Негодная певица и некромант за клавесином (СИ) - Черная Мстислава. Страница 56
Я ощущаю лёгкий толчок в грудь, и сумрак Изнанки разрывают яркие цвета живого мира.
— Карин!
— Не тряси, — вяло отмахиваюсь я.
— Карин, — Дан прижимает меня к себе. — Невозможная, негодная девчонка, что ты сотворила в этот раз?
— Пфф.
Я опускаю голову Дану на плечо. Меня мутит, в ушах звон, будто у меня в голове поселилась стая комаров.
— Тебе плохо?!
— Не очень хорошо, — признаюсь я и, имея в виду целителей, предупреждаю. — Никаких эльфов и полукровок!
— Обещаю.
Кажется, Дан подхватывает меня на руки. Я ощущаю его объятия, а земля уходит из-под ног. Голова кружится, и я проваливаюсь в уютное забытьё, не имеющее ничего общего с серостью Изнанки. Меня качает на волнах слабости.

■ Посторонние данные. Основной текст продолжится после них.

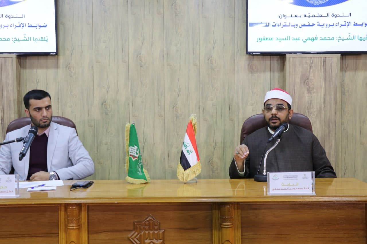 عَقَدَ معهد القرآن الكريم فرع النجف الأشرف التابع للعتبة العباسية المقدسة ، ندوةً علميّةً تحت عنوان (ضوابط الإقراء برواية حفص وبالقراءات العشر)، حاضر فيها الشّيخ المقرئ محمّد فهمي عبد السيّد عصفور من جامعة الأزهر جمهورية مصر. الندوة أقيمت في مقر فرع المعهد، وافتتحت بتلاوة مباركة تلاها القارئ احمد الزاملي، اعقبها كلمة ترحيبية لمسؤول فرع النجف الأشرف السيد مهند الميالي، رحب خلالها بالمحاضر الذي وفد من جمهورية مصر العربية، شرع بعدها المحاضر ببحثه الذي قدم فيه معلومات كثيرة تهتم بشرح كيفية القراءة بالقراءات العشر المشهورة عند المسلمين. يذكر ان الفرع اقام الندوة بشروط وقائية شهدت التباعد المكاني ولبس الكمامات وتعفير أماكن الحضور.

Сколько некроэнергии я через себя пропустила? Не верится, что я смогу выжить. Мысли текут лениво, словно у них тоже нет сил. Странно, но смерть меня не пугает. Мне безумно хочется жить. Я ведь совсем недавно распробовала вкус свободы, вкус исполнения мечты, вкус счастливого будущего. Мне очень мало, я жадная до жизни. А ещё мне жаль родителей, Дана, которые будут тяжело горевать. Но я понимаю, что от "передоза" некроэнергии маги умирают.
Надо справиться и попросить, чтобы положили в склеп со мной моего игрушечного зайца…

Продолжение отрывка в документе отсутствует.